Target and untargeted GC-MS based metabolomic study of mouse optic nerve and its potential in the study of neurological visual diseases.

The optic nerve is made of highly specialized neurons and the energetic supply to their axons is crucial due to their great demand. The energy comes basically through the oxidative phosphorylation in the mitochondria, supported by glial cells metabolism. Mitochondrial dysfunction is a shared feature encountered within the optic neuropathies, including Leber's Hereditary Optic Neuropathy, Leigh's Syndrome, or Kjer's syndrome. In an effort to investigate the metabolic alterations produced within the optic nerve in a mutant mouse model of Neurological Visual Disease (NVD), a rapid, robust, and efficient one-single phase extraction methodology has been developed and validated for the GC-MS platform.

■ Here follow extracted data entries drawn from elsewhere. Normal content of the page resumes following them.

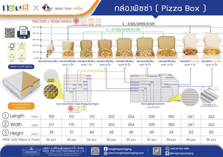 กล่องพิซซ่าหรือกล่อง Delivery พร้อมแผ่นกระดาษลูกฟูกรองอาหารใช้คู่กันได้ มีกี่ขนาดดังนี้ กล่องพิซซ่า ผลิตมาจากกระดาษลูกฟูก ลอน E มีสีครีม(KI) และ สีน้ำตาลธรรมชาติ(KT) มี 2 รูปแบบ
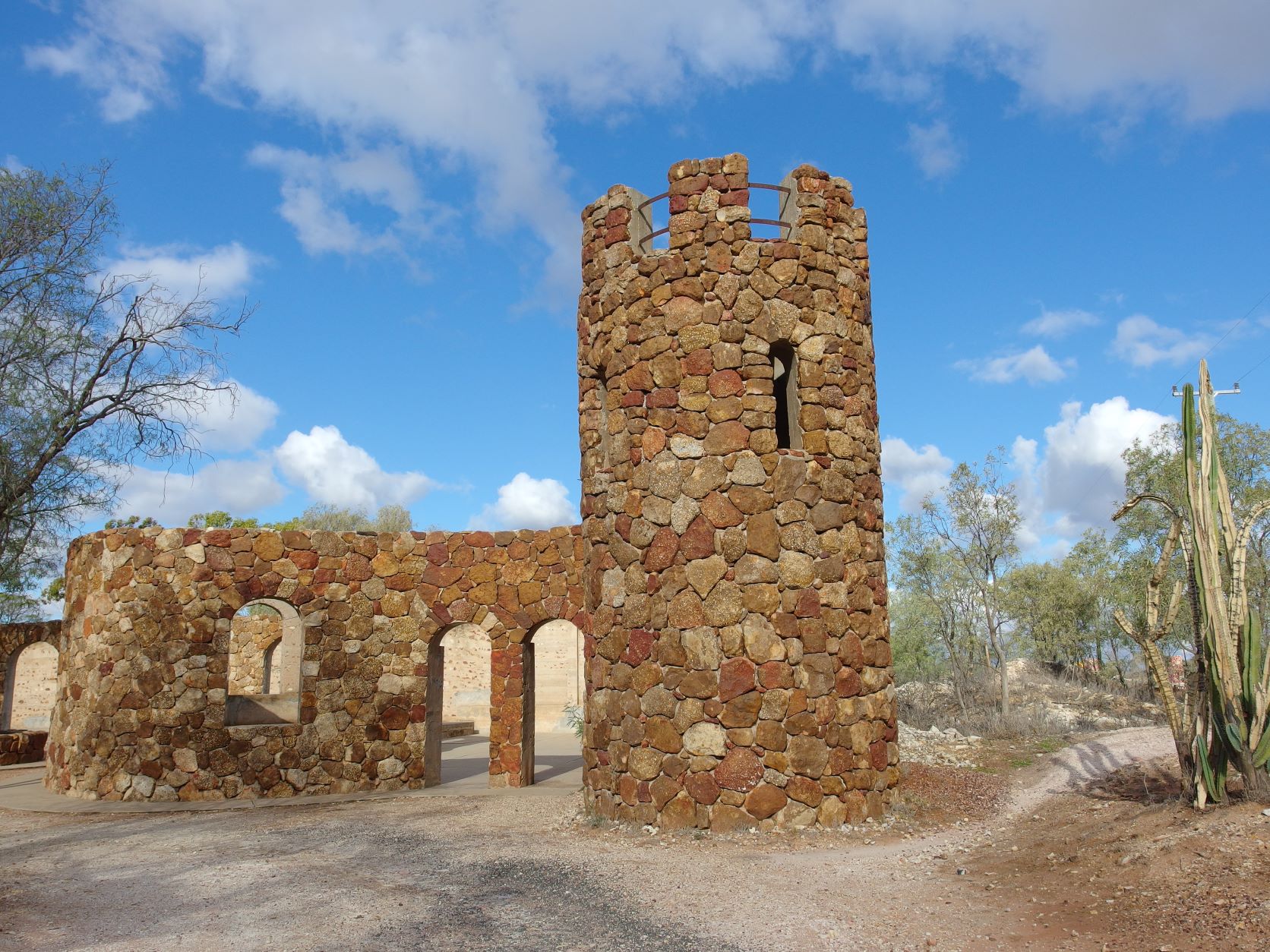 Amigo started building this more than twenty five years ago, perhaps as a change from fairly unproductive opal mining? He used stone from the claim to start building a structure and it just kept going. Eventually, he had to source stone from all over the area.
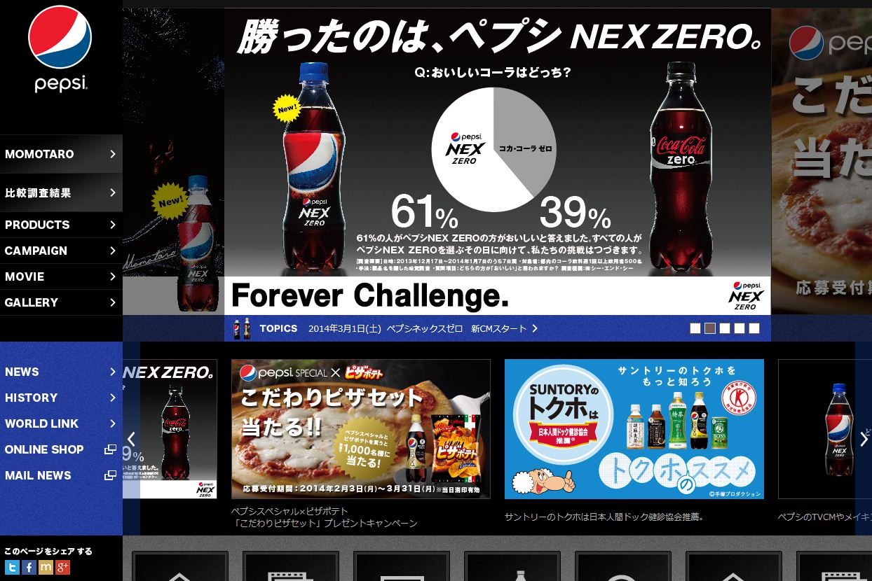 ペプシネックスゼロの比較広告、おもしろいのが、堂々とコカコーラゼロの画像を使っているところ。YahooのTOPジャックの背景でも、右側はコカコーラゼロ、左側はペプシネックスゼロの画像をどーんと配置してプロダクトプレースメントを実施してます。ある意味コカコーラゼロのビジビリティもあげているわけで。

Once the method was successfully validated for lactic acid and pyruvic acid as markers of an adequate optic nerve function, the protocol was applied to unveil the metabolomic signature of the wild-type mouse optic nerve. Along the chromatographic profile of the optic nerve, 94 peaks were identified and, to our knowledge, for the first time. Afterwards, a targeted metabolomics analysis was performed to quantify lactic acid and pyruvic acid in the NDV mice group (n = 8) and its corresponding wild-type (n = 8). Finally, an untargeted metabolomic study was carried out and univariate and multivariate data analyses showed 34 compounds modified in the optic nerve of the mouse with NVD mutation. Then, the metabolic reaction network of the identified metabolites highlighted alterations in the catabolism of proteins, TCA cycle, and urea cycle, reflecting a mitochondrial energetic dysfunction. Taken together, this metabolomic study has proven to be suited for the study of optic neuropathies.